How Flexible EV Charging Can Revolutionize Colorado's Energy System
Colorado's ambitious goals for vehicle electrification could get a major boost. Find out how flexible EV charging can lead to significant cost savings and a more resilient, decarbonized energy system.

Introduction
The potential of vehicle charging flexibility within Colorado's ever-changing energy landscape has significant ambitions for vehicle electrification. EER's study, in partnership with Regulatory Assistance Project (RAP), focuses on the value of flexible vehicle charging to a decarbonized energy system. By modeling different flexibility scenarios, the study highlights potential cost savings and grid improvements that could result from smart EV charging strategies.
Methods
EER utilized its RIO model, incorporating data from the 2023 Annual Decarbonization Perspective, to conduct this analysis. RIO quantifies electricity generation and transmission costs, tracking peak load across four archetypal feeders: residential, commercial, industrial, and highway fast charging. The model assesses the value of flexible charging to the electricity sector by representing these four archetypal feeders. This approach allows for a detailed understanding of how shifting EV charging patterns can impact the broader energy system, offering insights beyond traditional analyses by co-optimizing electricity and fuels sectors.
Scenarios
The study explores several scenarios with varying levels of charging flexibility:
• Zero Flexibility (ZF): Represents a system without any transportation load shifting benefits.

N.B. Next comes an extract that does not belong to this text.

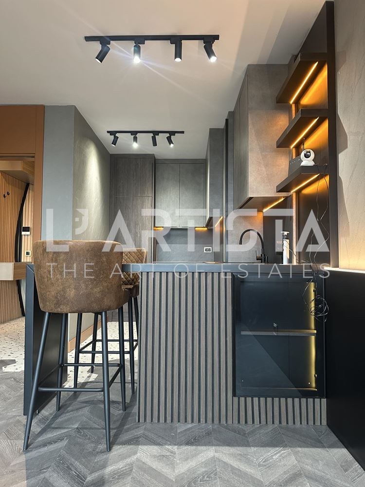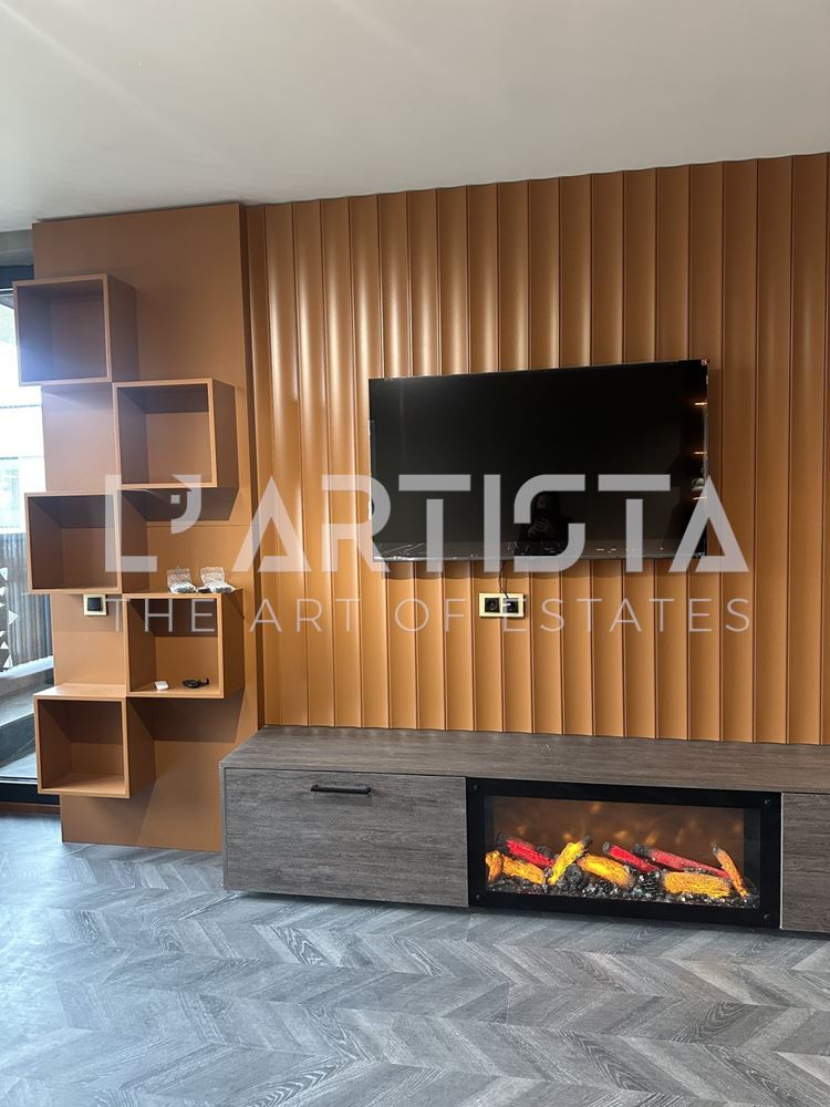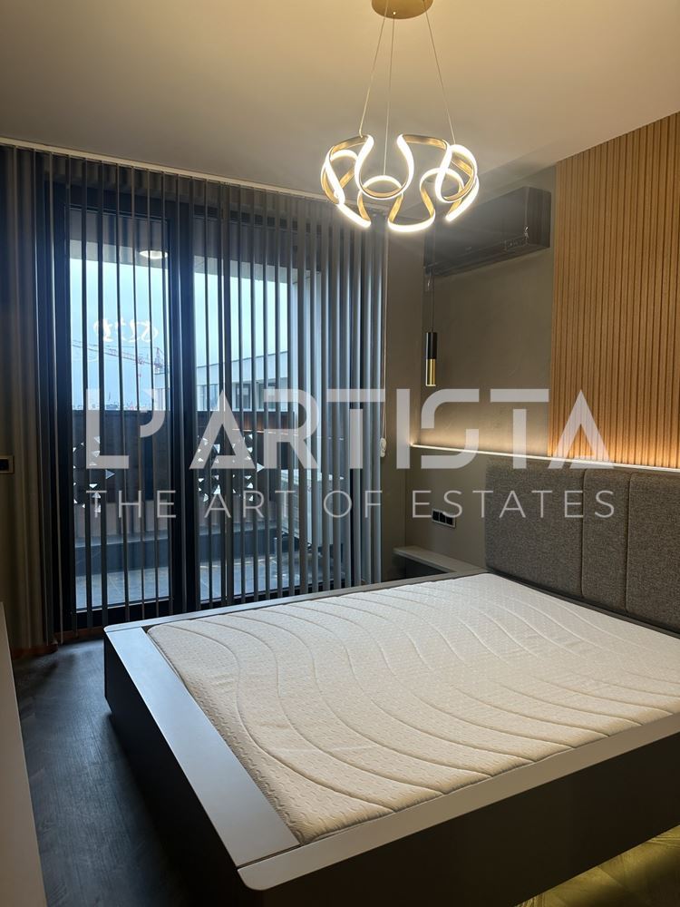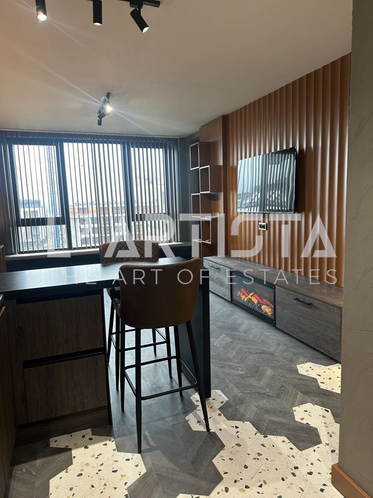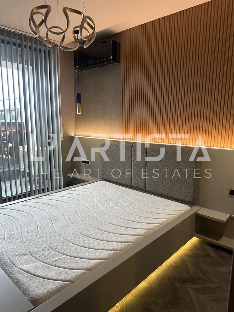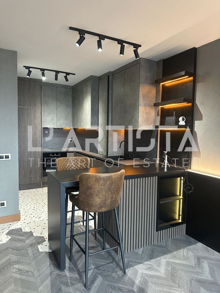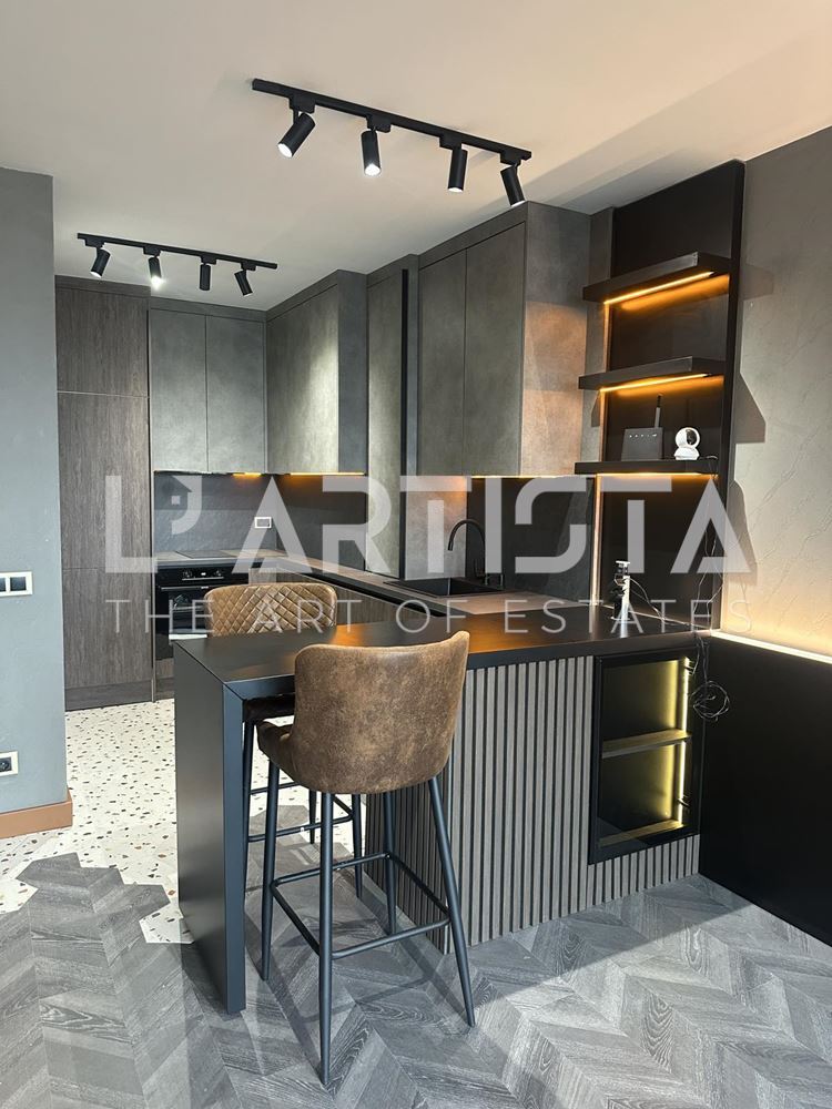 Разпределението е функционално и добре организирано, като включва просторен хол с трапезария и кухненски бокс, самостоятелна спалня, баня с тоалетна, мокро помещение и тераса. Апартаментът се предлага напълно обзаведен и оборудван с висок клас мебели по поръчка, съчетани с модерни дизайнерски решения, декоративни мазилки и стилно LED осветление, създаващи уютна и елегантна атмосфера.
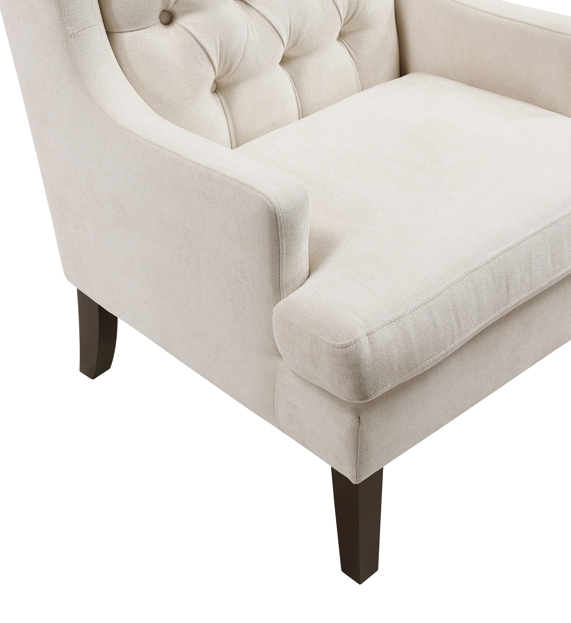 Bring a touch of sophisticated elegance to your home with this tufted wingback accent chair, designed for both comfort and timeless style. The high-back silhouette with deep button tufting creates a luxurious look, while the plush cushioned seat provides excellent support for relaxation. Crafted with soft yet durable fabric upholstery, this chair is complemented by sturdy wooden legs, ensuring long-lasting durability and stability. Whether placed in a living room, bedroom, reading nook, or office, this chair makes a stylish statement while offering a cozy retreat for lounging or entertaining.

• Flexibility Light (FL): Assumes limited flexibility from heavy-duty vehicles (HDV) and medium-duty vehicles (MDV), with only 50% of light-duty vehicles (LDV) able to shift charging in residential settings (4 hours of shifting).
• Flexibility Mid (FM): Assumes minimal flexibility from HDV and MDV (2-hour delay for overnight charging), no highway charging flexibility, and 75% of LDV able to shift charging (8 hours of shifting). • Flexibility High (FH): Assumes additional flexibility across all vehicle types, with potential for up to 24-hour participation in demand response programs for LDV (75% participation) and shifting capabilities for HDV, MDV, and highway charging.

Results
Here are some key findings from the study:
- Significant Value: Vehicle flexibility unlocks significant value for the energy system.
- The total energy system value ranges from $100-$300 million per year in 2035 to $200-$900 million per year by 2050.
- The "Flexibility High" scenario delivers the most value.
- Avoided Investments: Flexibility reduces the need for grid upgrades and optimizes renewable and storage investments.
- Enhanced demand flexibility flattens system peaks.
- With high levels of vehicle flexibility, the energy system can avoid thermal investments.
- Residential is Key: Residential LDV charging flexibility is a major driver of overall value.
- A significant portion of overall value is based on avoided costs associated with the residential feeder.
- This flexibility is enabled by increased use of Level 2 charging in residential applications.
Discussion
The study underscores that unlocking inherent flexibility through strategic programs is crucial, yet flexibility alone cannot overcome broader economic barriers without complementary policies. To harness the full potential of flexible EV charging, policymakers can design targeted incentives that encourage adoption while aligning consumer behavior with grid needs. Furthermore, utility-led programs, such as time-of-use rates and managed charging initiatives, could bridge the gap between technological potential and real-world implementation. Future research could delve into the interplay between dynamic pricing models, equity considerations, and grid modernization efforts to further maximize the benefits of vehicle flexibility for Colorado's evolving energy system.